Airplane Day is the day my flight from South Korea landed in America from 25 years ago. Some people call it an Arrival Day or a “Gotcha” Day. Quite plainly, it’s the day that your family “gotcha.” Either way, it’s seemed a little comical to me over the years. I always believed that I had a special relationship with airplanes and pilots, and maybe I do. But there was always a stark difference between how I felt about being adopted versus being celebrated on Airplane Day.
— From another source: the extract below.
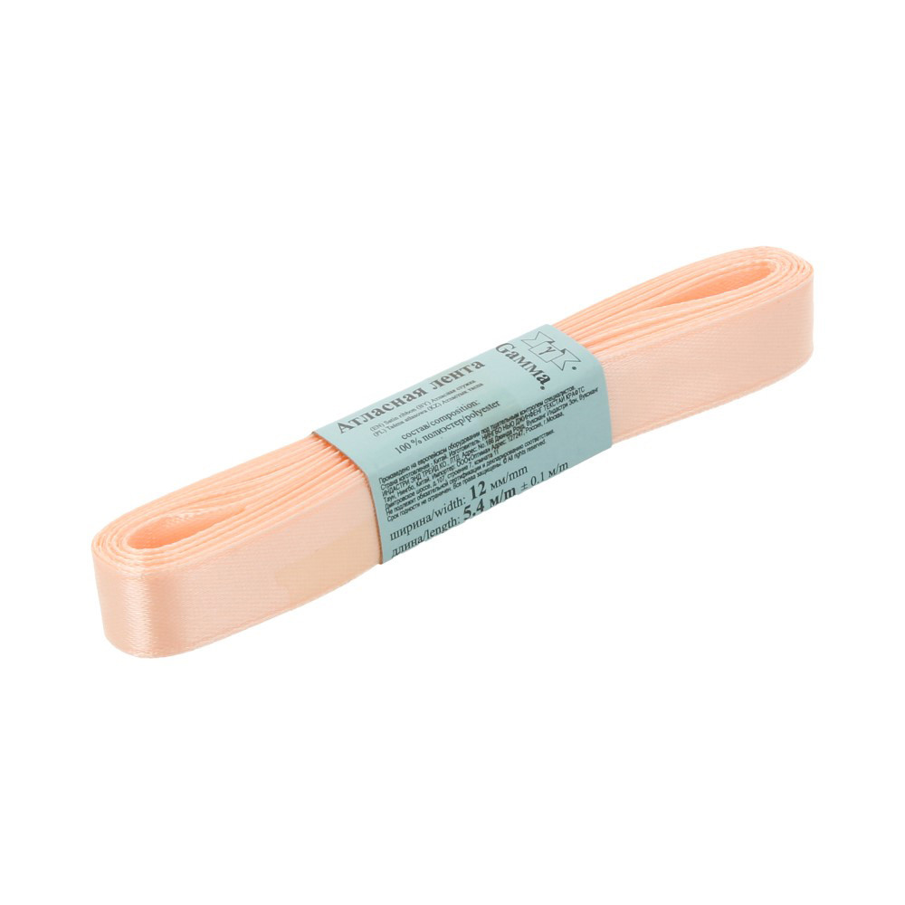 Лента атласная 12 мм ( 1/2 ") "Gamma" ФАСОВКА 5.4 м №007 персиковый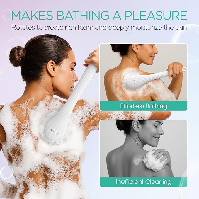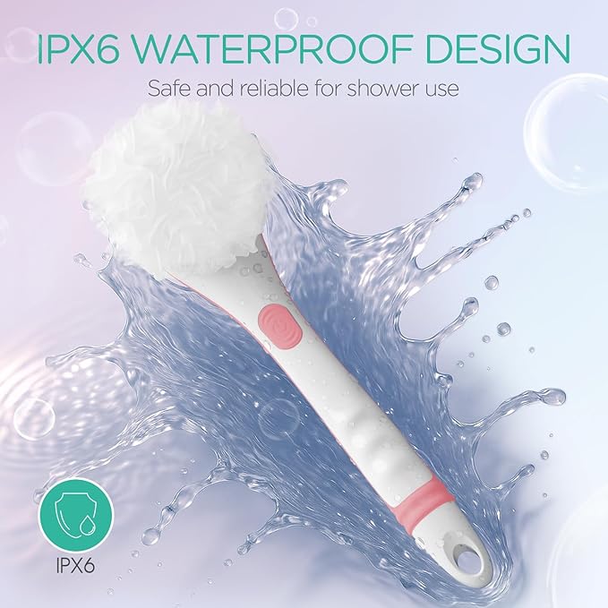 - IPX6 waterproof design - The machine uses rubberized silicone to ensure waterproof , allows conveniently using in shower. Ergonomically design, easy to grab. The long handle design allows you to easily clean hard-to-reach places. Non-slip design prevents it from falling off.

The actual day was always a meal, party, or ritual about me being special. And, I appreciated it being important and recognized in my family. One year, I remember my cousins and I having a paper airplane contest that ended in me receiving a slab of foam board signed and commented with grateful comments and celebratory remarks. As I got older, it was nice dinners. Sometimes, just a lot of crying and no remarkable anythings – my choice.
And I’m not sure how to own that anymore – my choice regarding my adoption. I’ve found in the intertwined relationships of a single adoption, there’s not a lot of overlap of ownership regarding who (me) is where (US/Korea) and under what circumstance (adoptee/orphan). My adoptive parents couldn’t have children. My birth parents’ circumstance was likely a mess. I am just here, I guess.
Don’t read that as apathy or ingratitude. But, as hesitancy to renaming and reclaiming an ownership over something I never did. In recent years, adoptees have been vocalizing their points of views for themselves, as opposed to the adoptive-parent-driven-perspective that has mainly held the space. Further, I feel that there is an observatory characteristic in a lot of adoptee’s stories that deserves to be highlighted.
As a child, my label as different was internalized as kids mocked and jeered at someone with a different face and different skin. As a teenager, the pieces fell into place regarding my parents’ infertility, mental health, and the search for a place in this life. In young adulthood, the understanding of my place in between two couples who couldn’t fulfil their dreams of family-rearing fleshed out as I neared a mirrored life stage. But really, I feel that a lot of who I was was earmarked by an “other” narrative. Sandwiched somewhere between infertility and bastardom, it was my own little plane – if you will. But I wasn’t the one piloting it.
And now, as I am knee-deep in figuring the piloting thing out for myself… I feel a lot of emotions.
My conversations with my mother have been emotional and intense. And, they should be considering Covid and the completion of my first year teaching abroad. We both are facing tremendous grief from loss of several things. From a changing mother-son relationship to being the furthest from each other that we’ve ever been, it’s thick with nuance and most of all, love.
As of this year, I had some correspondence with my birth mother that left me feeling more angry, disappointed, and abandoned as ever.
Meanwhile, I’ve met amazing, kind, brilliant, energetic people here and have certainly had the coattails of feeling “Belonging” (whatever that means). I feel like I’ve taught kindergarteners for 15 years rather than one (educator friends, what’s up). I’ve chased love. I’ve jumped headfirst into an adoptee community of healing, bitterness, and connection. I’ve lived my fucking life and have felt it at the end of everyday.
But this is what I’m doing. And I don’t feel at all like I’m just here for a ride. It feels like I’m here for myself. I’m going in the direction I fully choose. Right through the fog. Right across the Rubicon. And in this airplane there’s a lot of hurt, pain, anger, joy, love, sadness, disappointment, anxiety, confusion, lament, longing, hope, discomfort, and a bunch of other things that I can’t and don’t need to aritculate.